3. Steve and I had dinner last night with a cousin of mine and his friend. My cousin recounted a recent conversation he had with a woman who was fishing to find out his political views. He told her he was voting for Hillary. She drew herself up and replied proudly, "I voted for Trump."

Then my cousin said, "She cited one reason for her vote. Can you guess it?" "Abortion," I replied. He nodded: "You're exactly right."

My cousin's friend grew up in a large Catholic family in Arkansas. Most of her siblings are voting Trump, she told us. Why? Hillary wants to kill babies, they say.

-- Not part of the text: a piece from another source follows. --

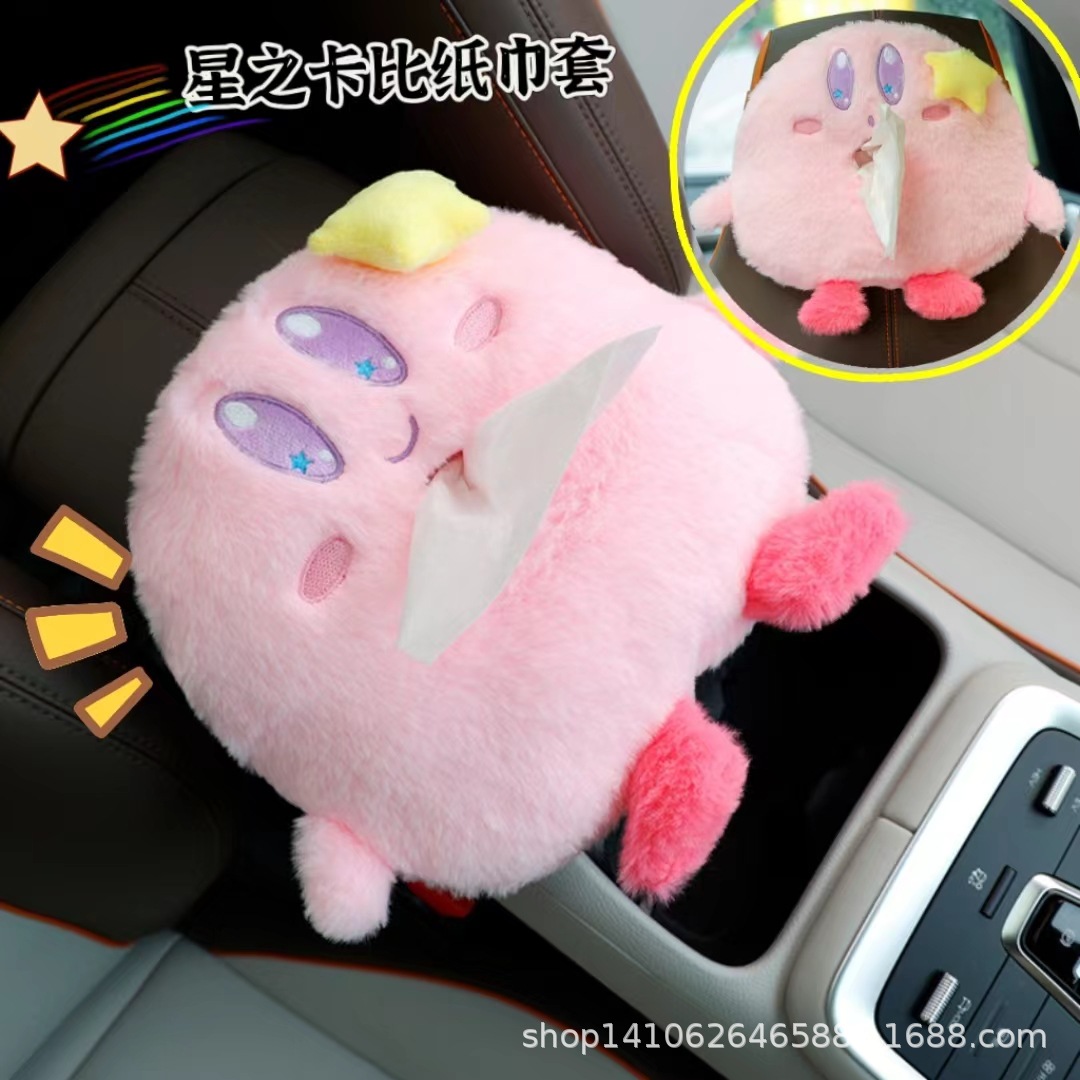 日系少女心かわいいカービーぬいぐるみティッシュティッシュカバー車載用ティッシュ収納袋ティッシュ

The Benedictine nun whose email I cite is in touch by email with a number of Catholics in the U.S. I know from discussions she and I have had that some of these are very right-wing Catholics, including people associated with Ave Maria University. In her first email to me yesterday, she sent a video clip that a Catholic correspondent of hers had sent her. She asked me what I thought of it.

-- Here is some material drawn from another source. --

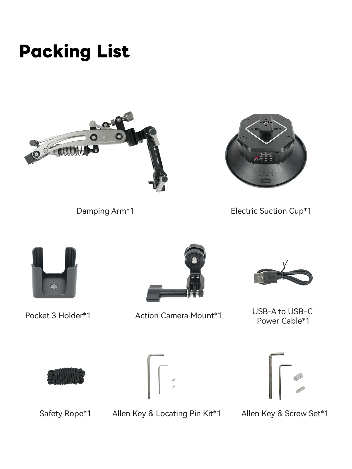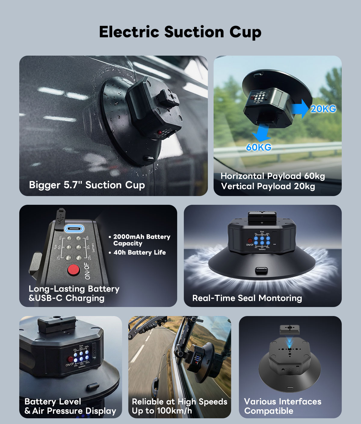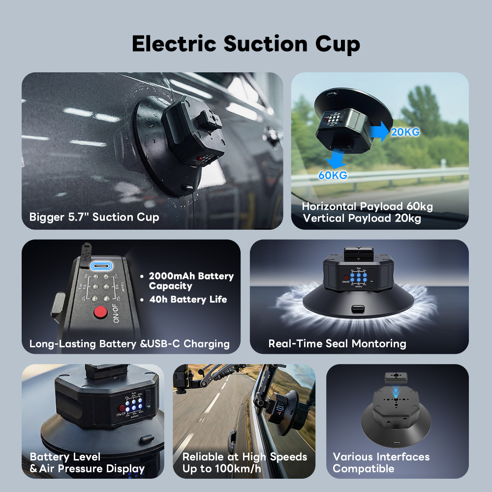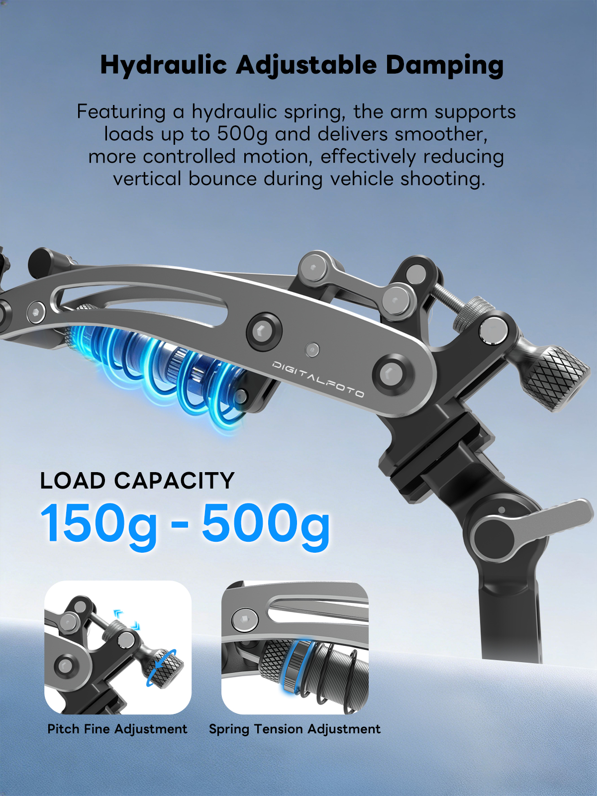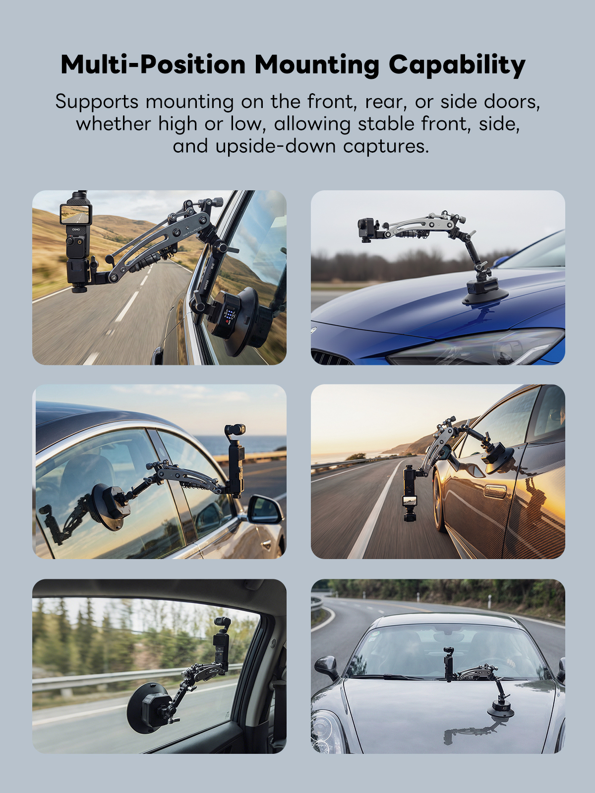 Z-Axis Mini Spring Arm for DJI Osmo Pocket 3, GoPro HERO13 & Insta360 X5 with 5.7" Electronic Suction Cup

I can see, without clicking on the video, that it's a typical Hillary demonization piece from a website that has "Christian" in its title. I can infer from the title of the video and what my Benedictine acquaintance tells me that the video attempts to link Hillary Clinton to a worldwide conspiracy of Muslims (of which President Obama is a key player, in this maleficent "Christian" worldview) whose intent is to destroy the Christian West. Why else does she have close ties to Huma Abedin, they ask in a "Christian" video they're sharing far and wide as people go to the polls to vote in the U.S.?

I told my English acquaintance that I don't have the heart to watch what appears to be an ugly propaganda video right now, but will eventually do so, since she sent it to me — after the election is over. I also told her that I can see merely by noting who has produced and is circulating this video that it is of a piece with the kind of propaganda I've seen circulating in "Christian" circles this election period about Hillary Clinton.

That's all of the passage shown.